Somoan god of the Polynesian underworld Pulotu

Saveasiʻuleo is the God of Pulotu (Old concept of Heaven) the underworld of spirits or Hades in Samoan mythology.

He is the father of Nafanua the Goddess of War in Samoa. Nafanua's mother is Tilafaiga, the sister of Taema another figure of Samoan mythology.

Saveasiʻuleo is sometimes referred to as Elo.

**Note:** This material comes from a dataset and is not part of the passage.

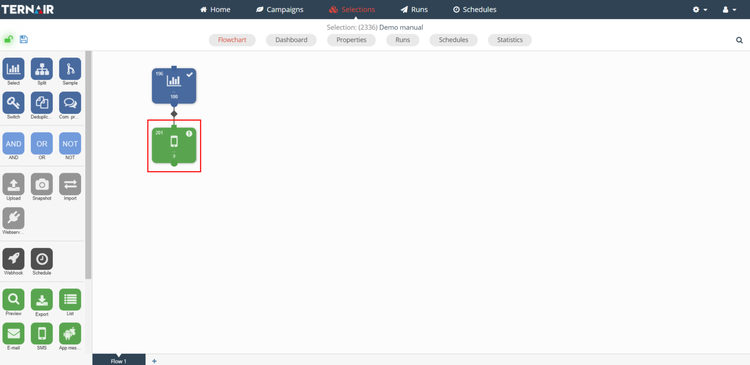 The output function 'SMS' can be used to set up an SMS mailing in Ternair Campaign.
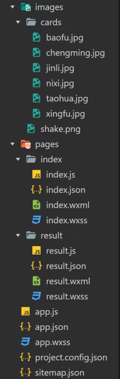 为了图片素材分类更明确,还可以在images中继续新建cards文件夹把幸运签图片单独放置。相关图片素材如下:

The spirits of gods were able to take the form of animals and human beings and Saveasiʻuleo is believed to take the form of an eel or appear as half man and half eel. His ancestors were rocks. One story says that his mother was Taufa and his father, Aloa. His brothers were Salevao and Ulufanuaseʻeseʻe. The brothers agreed that Saveasiʻuleo would go and become king in Pulotu. Saveasiʻuleo would come up from his kingdom and wander the earth. There are different versions of stories told about him. He is referred to as a god and sometimes as a demon. One day Saveasiʻuleo met his twin nieces Tilafaiga and Taema swimming back to Samoa from Fiti where they had learned the art of tattooing. Saveasiʻuleo abducted Tilafaiga and she later gave birth to Nafanua, the goddess of war. The story of the sisters bringing a basket of tattoo tools for the peʻa to Samoa is another well known legend.

==Pulotu==
According to Samoan beliefs, the entrance into the spirit world Pulotu is at the village of Falealupo, at the western end of the island of Savaiʻi.